Please transcribe the data exactly as shown, skipping the images.

Segment Start: DATA SHOWN

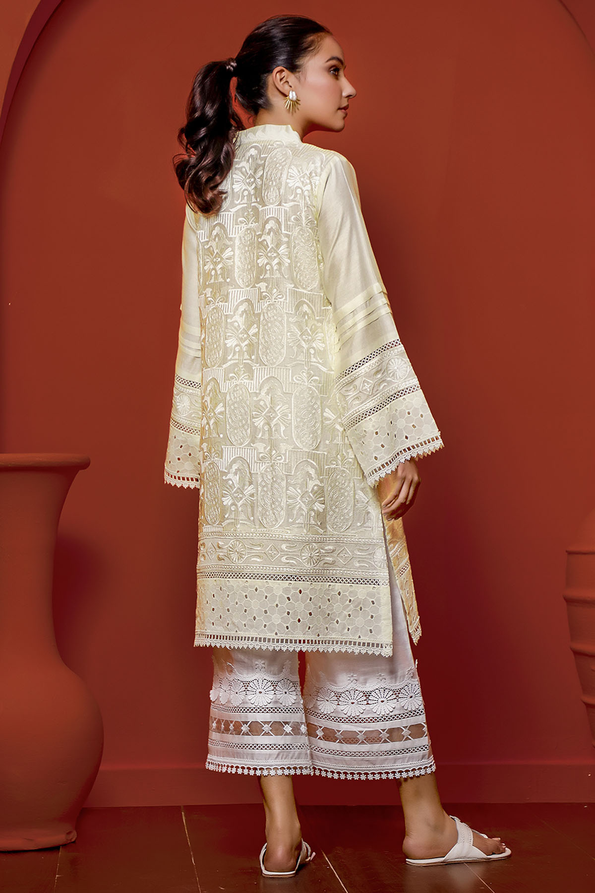 Raw silk self-embroidered shirt in subtle shade of pastel yellow, the hemline of the shirt is enhanced with chikan panel and matching crochet laces. The shirt comes with bell sleeves featuring pleats and mix and match of chikan and embroidered raw silk panels.
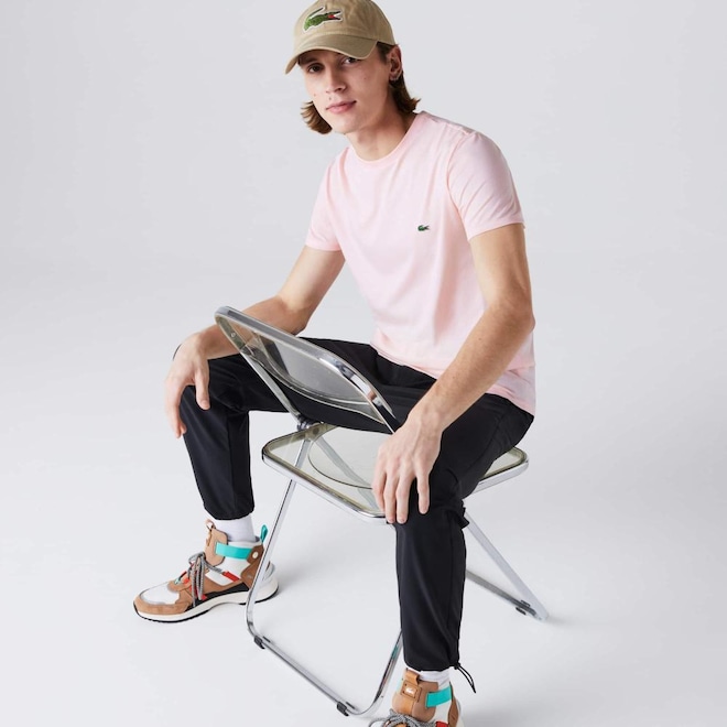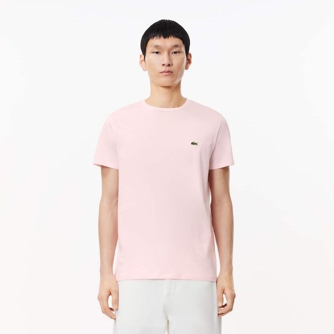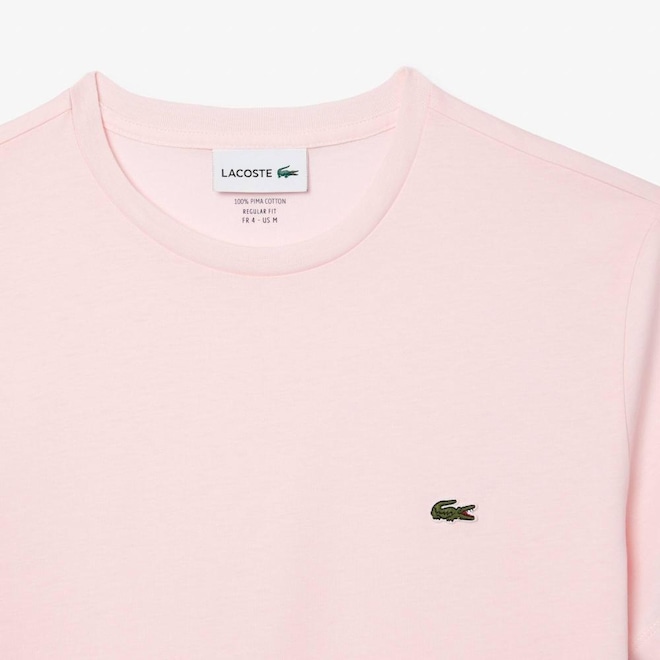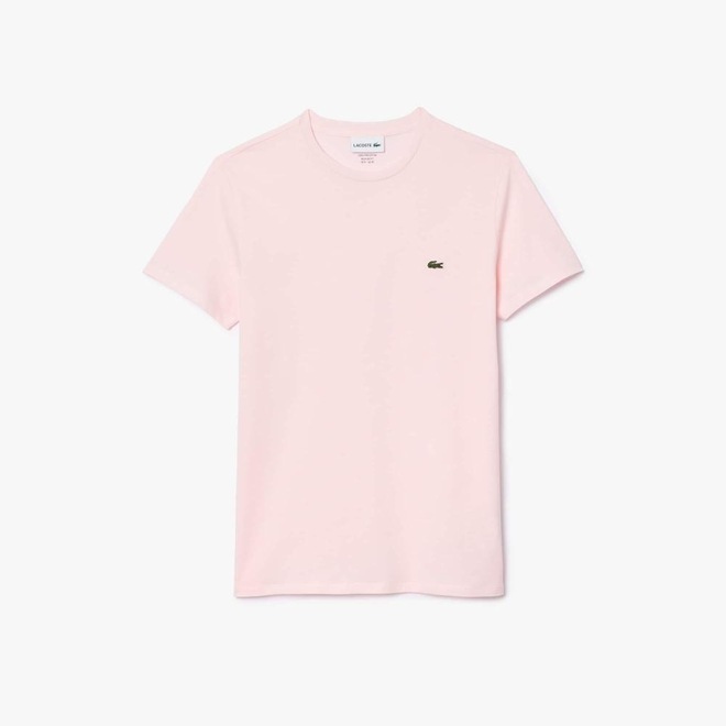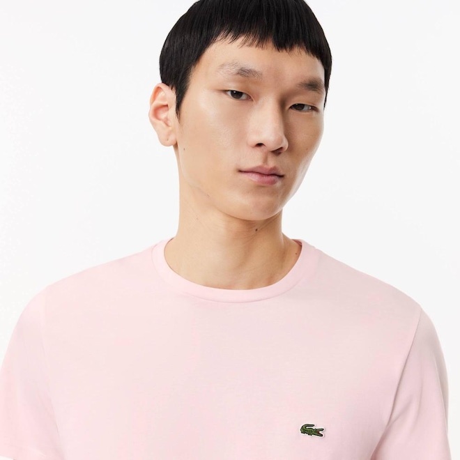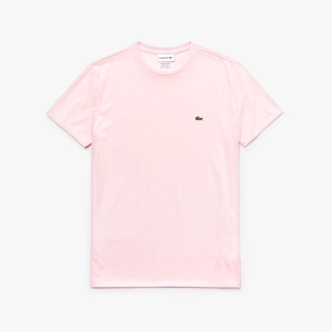 Jérsei de algodão Pima. Gola redonda. Regular fit. Marca do crocodilo em transfer e forro na orla da gola. Marca do crocodilo bordada no peito, na cor verde.
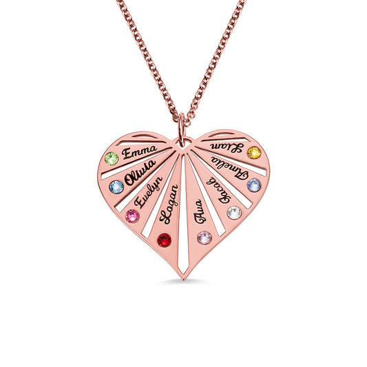 Personalized Split Heart Birthstones Necklace | Stainless Steel | 1-8 Names
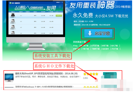 1、首先打開友用一鍵重裝系統工具或瀏覽器搜索友用一鍵重裝系統也可找到立即下載,點擊進入下載界面。
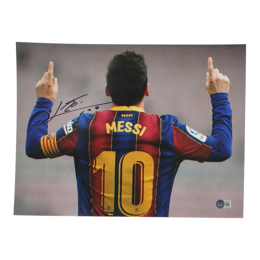 Photo measures 12" x 16" in size and has been hand-signed by Lionel Messi.
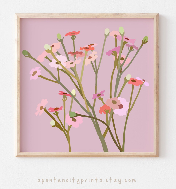 If you don’t want to go as far as literal hearts, then we love the soft pallets in floral prints from Spontaneity Prints over on Etsy.
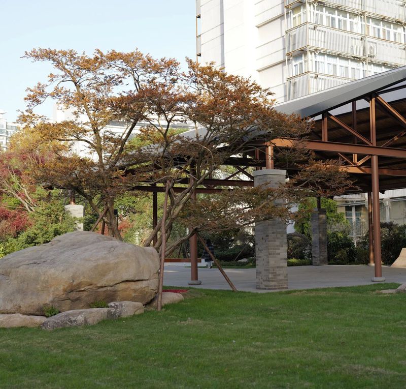 图5-3c 植物疏解后显露出来的红枫成为亭角一景
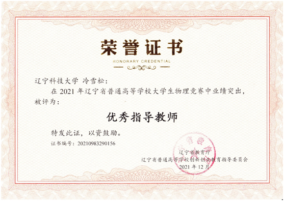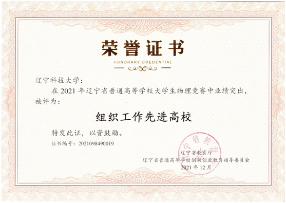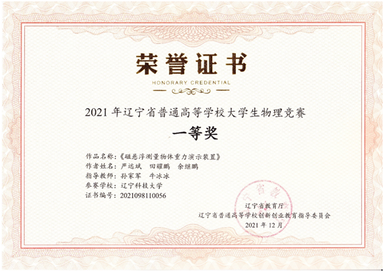 2021年11月21日,沈阳工业大学组织辽宁省大学生物理实验竞赛。我校通过精心组织,进行了校内初赛选拔,共派出20支队伍参加比赛,竞赛采取网络视频会议评审方式进行。最终,我校学生在辽宁省大学生物理实验竞赛中荣获省一等奖2项、二等奖6项、三等奖6项的好成绩,学校被评为组织优秀先进高校,多位指导教师被评为优秀指导教师。通过本次竞赛,锻炼了学生的动手能力,拓展了思维,培养了科学素质,增强了学生的团队意识和表达能力。

Segment End: DATA SHOWN

(RESPONSE FOR THIS EXERCISE):
 Raw silk self-embroidered shirt in subtle shade of pastel yellow, the hemline of the shirt is enhanced with chikan panel and matching crochet laces. The shirt comes with bell sleeves featuring pleats and mix and match of chikan and embroidered raw silk panels.
 Jérsei de algodão Pima. Gola redonda. Regular fit. Marca do crocodilo em transfer e forro na orla da gola. Marca do crocodilo bordada no peito, na cor verde.
 Personalized Split Heart Birthstones Necklace | Stainless Steel | 1-8 Names
 1、首先打開友用一鍵重裝系統工具或瀏覽器搜索友用一鍵重裝系統也可找到立即下載,點擊進入下載界面。
 Photo measures 12" x 16" in size and has been hand-signed by Lionel Messi.
 If you don’t want to go as far as literal hearts, then we love the soft pallets in floral prints from Spontaneity Prints over on Etsy.
 图5-3c 植物疏解后显露出来的红枫成为亭角一景
 2021年11月21日,沈阳工业大学组织辽宁省大学生物理实验竞赛。我校通过精心组织,进行了校内初赛选拔,共派出20支队伍参加比赛,竞赛采取网络视频会议评审方式进行。最终,我校学生在辽宁省大学生物理实验竞赛中荣获省一等奖2项、二等奖6项、三等奖6项的好成绩,学校被评为组织优秀先进高校,多位指导教师被评为优秀指导教师。通过本次竞赛,锻炼了学生的动手能力,拓展了思维,培养了科学素质,增强了学生的团队意识和表达能力。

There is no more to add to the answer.